PROVIDED MATERIAL
[Start of Attachment]
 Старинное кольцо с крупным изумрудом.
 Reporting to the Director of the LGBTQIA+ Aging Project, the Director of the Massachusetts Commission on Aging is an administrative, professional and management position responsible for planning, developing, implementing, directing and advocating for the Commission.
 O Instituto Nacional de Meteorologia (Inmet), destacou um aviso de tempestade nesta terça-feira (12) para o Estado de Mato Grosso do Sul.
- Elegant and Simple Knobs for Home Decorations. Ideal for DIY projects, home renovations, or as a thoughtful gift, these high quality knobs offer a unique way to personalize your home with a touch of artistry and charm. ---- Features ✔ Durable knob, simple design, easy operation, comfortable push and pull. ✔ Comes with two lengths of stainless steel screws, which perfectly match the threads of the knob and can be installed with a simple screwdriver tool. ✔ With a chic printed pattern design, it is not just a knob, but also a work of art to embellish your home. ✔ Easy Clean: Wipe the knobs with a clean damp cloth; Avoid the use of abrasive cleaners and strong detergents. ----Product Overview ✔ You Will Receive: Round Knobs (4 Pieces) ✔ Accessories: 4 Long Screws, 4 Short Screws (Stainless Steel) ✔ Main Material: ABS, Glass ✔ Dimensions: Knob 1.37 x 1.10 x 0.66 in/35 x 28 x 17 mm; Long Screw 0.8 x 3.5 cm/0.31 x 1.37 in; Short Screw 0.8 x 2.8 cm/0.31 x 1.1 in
[End of Attachment]
[Start of Attachment]
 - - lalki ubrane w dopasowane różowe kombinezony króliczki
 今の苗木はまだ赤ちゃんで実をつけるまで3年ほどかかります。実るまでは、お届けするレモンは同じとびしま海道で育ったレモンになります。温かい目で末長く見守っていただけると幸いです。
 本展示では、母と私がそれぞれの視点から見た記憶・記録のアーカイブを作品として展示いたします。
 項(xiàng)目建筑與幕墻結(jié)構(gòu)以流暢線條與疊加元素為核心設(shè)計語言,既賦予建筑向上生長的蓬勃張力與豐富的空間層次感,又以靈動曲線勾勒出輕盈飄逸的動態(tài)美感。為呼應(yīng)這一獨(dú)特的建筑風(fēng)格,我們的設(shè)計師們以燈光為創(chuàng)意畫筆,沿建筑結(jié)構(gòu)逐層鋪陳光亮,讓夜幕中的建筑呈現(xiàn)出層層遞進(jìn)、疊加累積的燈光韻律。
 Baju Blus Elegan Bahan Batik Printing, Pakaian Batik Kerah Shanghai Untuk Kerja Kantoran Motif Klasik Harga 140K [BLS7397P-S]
[End of Attachment]
ABOUT THIS TASK
Once you find the line with "Reporting to the" above, print it and every line after it up to and including the line with "- Elegant and", exactly as written and nothing else.

SOLUTION
 Reporting to the Director of the LGBTQIA+ Aging Project, the Director of the Massachusetts Commission on Aging is an administrative, professional and management position responsible for planning, developing, implementing, directing and advocating for the Commission.
 O Instituto Nacional de Meteorologia (Inmet), destacou um aviso de tempestade nesta terça-feira (12) para o Estado de Mato Grosso do Sul.
- Elegant and Simple Knobs for Home Decorations. Ideal for DIY projects, home renovations, or as a thoughtful gift, these high quality knobs offer a unique way to personalize your home with a touch of artistry and charm. ---- Features ✔ Durable knob, simple design, easy operation, comfortable push and pull. ✔ Comes with two lengths of stainless steel screws, which perfectly match the threads of the knob and can be installed with a simple screwdriver tool. ✔ With a chic printed pattern design, it is not just a knob, but also a work of art to embellish your home. ✔ Easy Clean: Wipe the knobs with a clean damp cloth; Avoid the use of abrasive cleaners and strong detergents. ----Product Overview ✔ You Will Receive: Round Knobs (4 Pieces) ✔ Accessories: 4 Long Screws, 4 Short Screws (Stainless Steel) ✔ Main Material: ABS, Glass ✔ Dimensions: Knob 1.37 x 1.10 x 0.66 in/35 x 28 x 17 mm; Long Screw 0.8 x 3.5 cm/0.31 x 1.37 in; Short Screw 0.8 x 2.8 cm/0.31 x 1.1 in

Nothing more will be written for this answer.